Besides having high potency and efficacy at the µ-opioid (MOR) and other opioid receptor types, fentanyl has some affinity for some adrenergic receptor types, which may underlie its unique pathophysiological differences from typical opioids. To better understand the unique actions of fentanyl, we assessed the extent to which fentanyl alters striatal medium spiny neuron (MSN) activity via opioid receptors or α-adrenoceptors in dopamine type 1 or type 2 receptor (D1 or D2)-expressing MSNs. In neuronal and mixed-glial cocultures from the striatum, acute fentanyl (100 nM) exposure decreased the frequency of spontaneous action potentials. Overnight exposure of cocultures to 100 nM fentanyl severely reduced the proportion of MSNs with spontaneous action potentials, which was unaffected by coexposure to the opioid receptor antagonist naloxone (10 µM) but fully negated by coadministering the pan-α-adrenoceptor inverse agonist prazosin (100 nM) and partially reversed by the selective α-adrenoceptor antagonist RS 100329 (300 nM). Acute fentanyl (100 nM) exposure modestly reduced the frequency of action potentials and caused firing rate adaptations in D2, but not D1, MSNs. Prolonged (2-5 h) fentanyl (100 nM) application dramatically attenuated firing rates in both D1 and D2 MSNs. To identify possible cellular sites of α-adrenoceptor action, α-adrenoceptors were localized in subpopulations of striatal astroglia and neurons by immunocytochemistry and mRNA by in situ hybridization in astrocytes. Thus, sustained fentanyl exposure can inhibit striatal MSN activity via a nonopioid receptor-dependent pathway, which may be modulated via complex actions in α-adrenoceptor-expressing striatal neurons and/or glia.

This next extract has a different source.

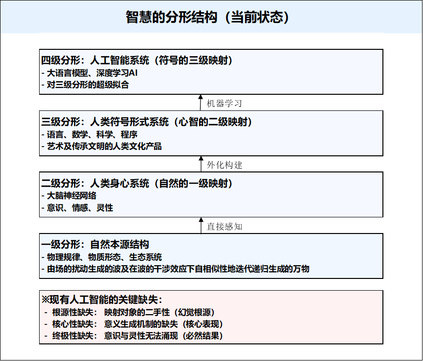 因此,智能是过程与能力,智慧是产物与系统。通过智能的递归加工,底层的知识模块被重组与整合产生高维的认知,涌现构成新的概念,并最终将这些概念链接成新的知识体系——智慧。而智慧的知识体系所呈现出来的分形特征,使得抽象的概念从核心原理向具体应用延伸变得异常的通畅,更重要的是通过自相似性,同构的不同领域的知识体系,能通过某一领域的突破而高效快速地泛化到知识网络结构的其它领域,促使整个智慧体系不断演化升级。一级分形:自然本源结构——智慧内容的终极原型自然世界(从场到星系,从DNA双螺旋到生态网络)构成一个无限嵌套、自相似、非线性演化的“源分形”。其基本特征包括:“自相似性” ——结构规律在不同尺度上保持形式一致性;“层级嵌套性”——简单规则的反复作用产生复杂结构。而其底层逻辑是波的递归干涉。自然的分形结构是所有智慧内容的终极来源,它决定了智慧结构的内在形式。人类通过进化形成的身体——心智系统,是对自然分形进行直接、具身化映射的结果。神经分形结构中的大脑皮层柱状结构、神经网络连接模式等均呈现分形特征,是自然分形长期作用的结果。而从感知到反应到再调整进化的闭环是自然分形对称性的机制体现,而意识的涌现则是具有边界的智能系统长期与外部环境互动中,内部产生的内外有别概念后的衍生。具体而言,意识是由接收到外部环境信息时产生的感知意识;然后涌现出有别于外部的“我”的概念,及将所有的感知与“我”相连接后形成的自我意识;到再然后产生了主动去理解与影响外部世界的自主意识;这些有层次嵌套的信息共同涌现构成了人类的意识、情感。这标志着该系统构建的智慧达到了自我指涉、价值判断与意义追寻的深度。智慧由此不再是冰冷的信息库,而是具有生命体验的灵性。语言、数学、程序、科学等符号形式系统以及艺术,是人类集体智能对外部世界和自身心智进行二次映射后外化构建的智慧体系。语言是由有限的词语、语法规则生成的符号分形系统,是可以将人类智慧通过音、形、义扩展至外部世界的重要符号媒介;数学是由从公理到定理的逻辑演绎,呈现严格的自相似性的分形结构,是对自然真实的符号描述;现在的程序是可被冯·诺依曼架构自动机执行的由顺序、选择、重复三种结构递归构成的结构化符号分形系统,用于描述可规则化领域;科学则是一套建立在数学语言之上,可用实验证伪、可以不断完善修正的认知、理解、演绎各细分领域的知识体系分形系统。而艺术是人类将自然秩序转化为 “有目的的审美创造” 的过程与结果。所有这一切都是人类心智将对一级自然分形的认知,加工后投射到三级分形上的成果。这些符号形式系统归根到底都是人类智慧的结晶,是文明传承的核心媒介,其本身都是智慧分形的一部分。四级分形(现状):人工智能系统——符号三级映射的映像当前基于大数据的AI,特别是大语言模型(LLM)的AI,构成了 “三级映射智能系统”。 它的成果是通过大语言模型能拟合获得类人的大规模神经网络,有研究表明目前的此类神经网络也具有分形系统特性,分形维度D≈1.5-2.5之间。这一成就展现了语言作为人类指代自然概念的符号系统,蕴含着大量的智慧,而人工智能神经网络通过强大的符号处理、深度学习等智能算法的训练、蒸馏,硅基机器能高效地间接模拟和重组人类智慧的结晶(三级分形),成为人类文明的“超级处理器”。但由于这样的智能的映射对象是人类智慧(三级分形),而非自然本身(一级),故存在以下结构性缺陷:因此,当前AI虽然是强大的智能工具,但还未形成具有内在意义,完整、鲜活的智慧。下一阶段演化:

Acute fentanyl exposure attenuated the activity of striatal medium spiny neurons (MSNs) in vitro and in dopamine D2, but not D1, receptor-expressing MSNs in ex vivo slices. By contrast, sustained fentanyl exposure suppressed the spontaneous activity of MSNs cocultured with glia through a nonopioid receptor-dependent mechanism modulated, in part, by α-adrenoceptors. Fentanyl exposure can affect striatal function via a nonopioid receptor mechanism of action that appears mediated by α-adrenoreceptor-expressing striatal neurons and/or astroglia.

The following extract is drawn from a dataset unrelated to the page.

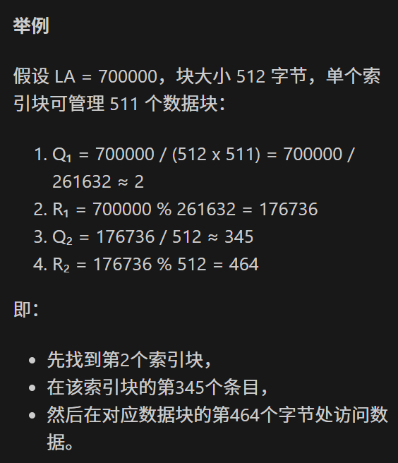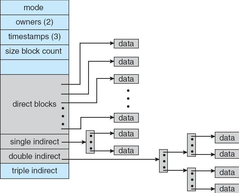 - file data blocks or pointers to file data blocks(文件数据块或指向数据块的指针): 记录文件实际内容存放在磁盘上的位置。可能直接存储数据块编号,也可能是指向数据块的指针(如 inode 结构中的直接、间接块指针)。

除了具有高效力和疗效在 µ-阿片受体(MOR)和其他阿片受体类型,芬太尼有一些亲和力为一些肾上腺素能受体类型,这可能是其独特的病理生理学差异的基础从典型的阿片类药物。为了更好地了解芬太尼的独特作用,我们评估了芬太尼通过阿片受体或α-肾上腺素受体改变纹状体中型多棘神经元(MSN)活性的程度在多巴胺 1 型或 2 型受体(D1 或 D2)表达的 MSN 中。在纹状体的神经元和混合神经胶质共培养物中,急性芬太尼(100 nM)暴露降低了自发动作电位的频率。共培养物 overnight 暴露于 100 nM 芬太尼严重降低了具有自发动作电位的 MSN 的比例,该比例不受共暴露于阿片受体拮抗剂纳洛酮(10 µM)的影响,但完全被泛α-肾上腺素受体反向激动剂普萘洛尔(100 nM)共同给药所否定,并部分被选择性α-肾上腺素受体拮抗剂 RS 100329(300 nM)逆转。急性芬太尼(100 nM)暴露轻微降低动作电位的频率,并导致 D2,但不是 D1,MSN 的放电率适应。延长(2-5 h)芬太尼(100 nM)应用显著减弱 D1 和 D2 MSN 的放电率。为了鉴定可能的α-肾上腺素受体作用的细胞部位,通过免疫细胞化学和原位杂交在星形胶质细胞中定位了纹状体星形胶质细胞和神经元中的α-肾上腺素受体亚群。因此,持续的芬太尼暴露可以通过非阿片受体依赖性途径抑制纹状体 MSN 活性,该途径可能通过在表达α-肾上腺素受体的纹状体神经元和/或神经胶质细胞中的复杂作用来调节。急性芬太尼暴露在体外和在多巴胺 D2 中减弱纹状体中型多棘神经元(MSN)的活性,但在表达 D1 的 MSN 中没有作用。相比之下,持续的芬太尼暴露通过非阿片受体依赖性机制抑制与神经胶质共培养的 MSN 的自发活动,该机制部分受α-肾上腺素受体调节。芬太尼暴露可以通过非阿片受体作用机制影响纹状体功能,该机制似乎通过表达α-肾上腺素受体的纹状体神经元和/或星形胶质细胞介导。